No escuchó a su amiga que se acercaba hasta que la tuvo casi a su lado. Abrió lentamente los ojos y, tras mirarla por un momento, asintió con la cabeza.
—¿Qué quería el guapo?
—Remover el pasado y reavivar viejas heridas —respondió al avanzar hacia la escalera que conducía a su dormitorio—. Pero le he dejado bien en claro que no estoy dispuesta a hacerlo.
—¿No vas a contármelo? —preguntó demasiado intrigada como para dar por terminada la conversación.
—Ahora no, Sarah. —Le dio la espalda—. Voy a llegar tarde a la editorial. Hablaremos de ello cuando regrese.
—¿Lo prometes?
—Lo prometo.
Se acomodó la parte delantera de la gorra de béisbol que llevaba y se levantó el cuello de la chaqueta. Hacía casi dos horas que estaba esperando estacionado frente a la jefatura de policía. Sabía que, en cualquier momento, lo vería aparecer detrás de la enorme puerta de cristal erguida junto a las escalinatas que conducían al interior del lugar. Lo sabía porque lo había visto entrar un rato antes, y estaba dispuesto a esperarlo hasta que volviera a salir.

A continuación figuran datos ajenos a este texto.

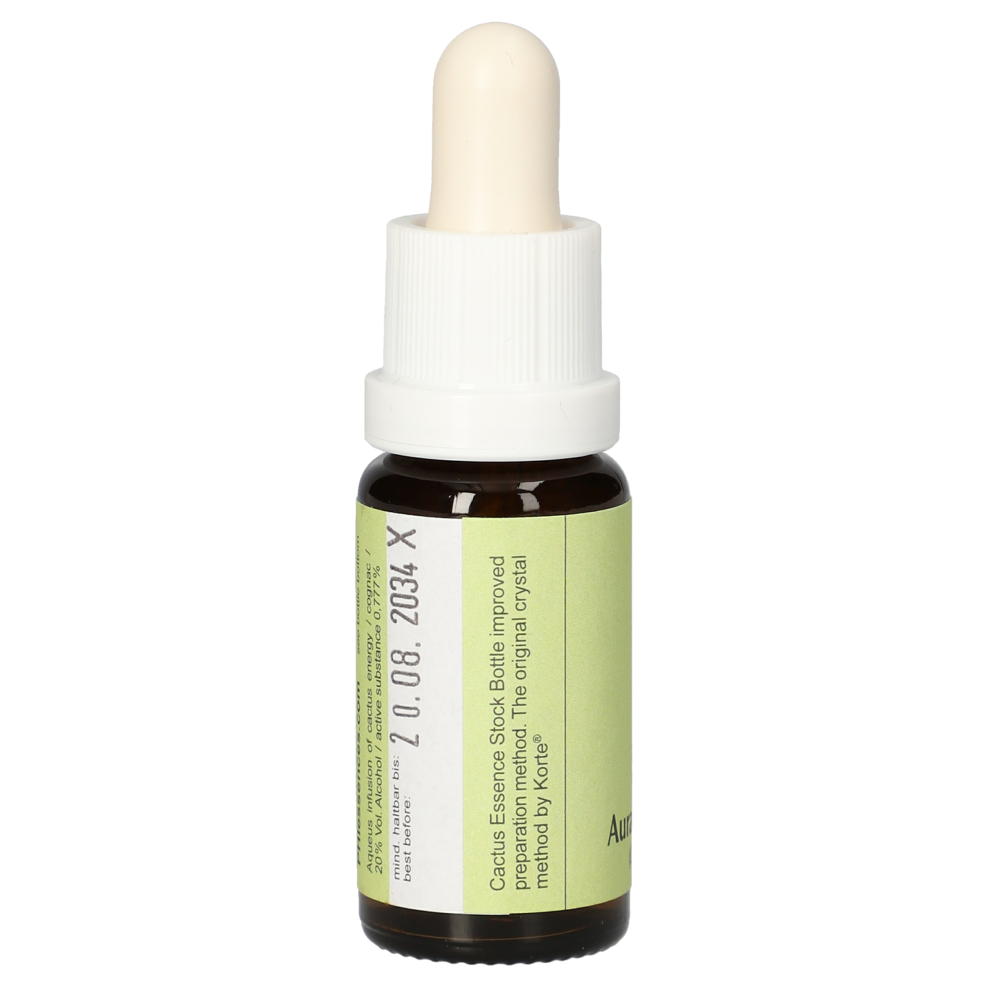 Korte PHI Essenzen, speziell entwickelt von Andreas Korte, nutzen eine Kristallmethode, um die Schwingungen von Blüten und Pflanzen direkt ins Wasser zu übertragen. Diese Essenzen sollen helfen, innere und äußere Harmonie wiederherzustellen, Selbstheilungsprozesse zu unterstützen und die Verbindung zu sich selbst, anderen Menschen, der Natur und Mitgeschöpfen zu stärken. Aura Cleansing Cactus (Silberkerze) Tropfen: PHI sind speziell formuliert, um den Schutz und die Reinigung der Aura auf der Astralebene zu unterstützen. Diese Tropfen eignen sich besonders für Menschen mit einem durchlässigen Energiefeld, die Schwierigkeiten haben, sich abzugrenzen. Körperlich: Harmonisiert durch die geistig-spirituelle „Hintertür“ körperliche Probleme, die durch Fremdenergien entstehen können, und bietet energetische „Putzhilfe“. Emotional: Belastungen wie unerklärliche Emotionen, Stimmungsschwankungen und Auseinandersetzungen mit Verstorbenen werden durch die Verwendung dieser Kakteenessenz erkannt und aufgelöst. Dadurch entsteht ein geschütztes emotionales Empfinden, das als Liebe an andere weitergegeben werden kann. Mental: Unterstützt die Klarheit und Selbstbestimmung von Gedankenstrukturen, indem sie Antriebsschwäche, Konzentrationsprobleme und Gedächtnisschwäche harmonisiert. Spirituell: Hilft dabei, die Aura von Fremdenergien zu befreien, insbesondere in Situationen, in denen man sich von starken Persönlichkeiten vereinnahmt fühlt, oder nach Todesfällen. Sie unterstützt den Prozess der Ablösung, um die Aura von allen Arten von Fremdenergien zu reinigen und zu befreien. Anwendung: Die Einnahmeflasche: Geben Sie vier bis sieben Tropfen aus jeder von Ihnen gewählten Vorratsflasche in ein mit stillem Mineralwasser gefülltes 30 ml Fläschchen. Zur besseren Haltbarkeit können Sie das Fläschchen zu 50% mit Wasser füllen und mit 45%igem Alkohol auffüllen. Wenn nicht anders verordnet, nimmt man vier Mal täglich vier Tropfen ein. Essenzen können auch äußerlich angewandt werden, indem man sie Lotionen oder Salben beimischt oder sie ins Badewasser gibt, was besonders effektiv ist. Zusammensetzung: 50% französischer Brandy zur Konservierung. Der Brandy reifte mindestens 4 Jahre in Eichenfässern. 50% energetisiertes stilles Wasser (Black Forest), Aura Cleansing Cactus Essence. Hinweise: Alkoholgehalt: 20% Vol. Kühl lagern. Außerhalb der Reichweite von Kindern aufbewahren. Rechtlicher Hinweis: Essenzen und Schwingungsmittel sind im Sinne des Art. 2 der VO (EG) Nr. 178/2002 Lebensmittel und haben keine direkte, nach klassisch wissenschaftlichen Maßstäben nachgewiesene Wirkung auf Körper oder Psyche. Alle Aussagen beziehen sich ausschließlich auf energetische Aspekte wie Aura, Meridiane, Chakren etc.

Al verlo bajarse de su Lexus, supo que estaba de mal humor. Desde la distancia que los separaba, pudo percibir la expresión furibunda en su rostro. El detective ni siquiera había notado su presencia. Se había asegurado de estacionar su viejo automóvil a una distancia prudencial, la suficiente para poder observarlo y, al mismo tiempo, pasar desapercibido casi por completo.
Sonrió satisfecho. Estaba seguro de que él lo conduciría hasta ella. Sin saberlo, el detective la pondría nuevamente cerca, al alcance de sus manos una vez más. Y esa vez, las cosas serían muy diferentes ya no volvería a escapar. No le daría esa oportunidad, porque no se la merecía.
Aquella vez el final sería diferente, más radical, más trágico. Solo había una forma de que ambos estuvieran juntos para siempre y él la conocía mejor que nadie.
Subió un poco más el cristal de la ventanilla y luego se frotó las manos en la tela rugosa de sus vaqueros. Estaba a punto de encender el tercer cigarrillo de esa mañana cuando lo vio salir. Iba acompañado por una mujer pelirroja. «Su compañera», supuso, mientras los observaba subirse al automóvil de él.
Sin titubear encendió el motor y asió con fuerza la palanca de cambio. Agachó la cabeza cuando el Lexus gris plata pasó junto a él. Segundos después, lanzo un vistazo al espejo retrovisor y se puso en marcha.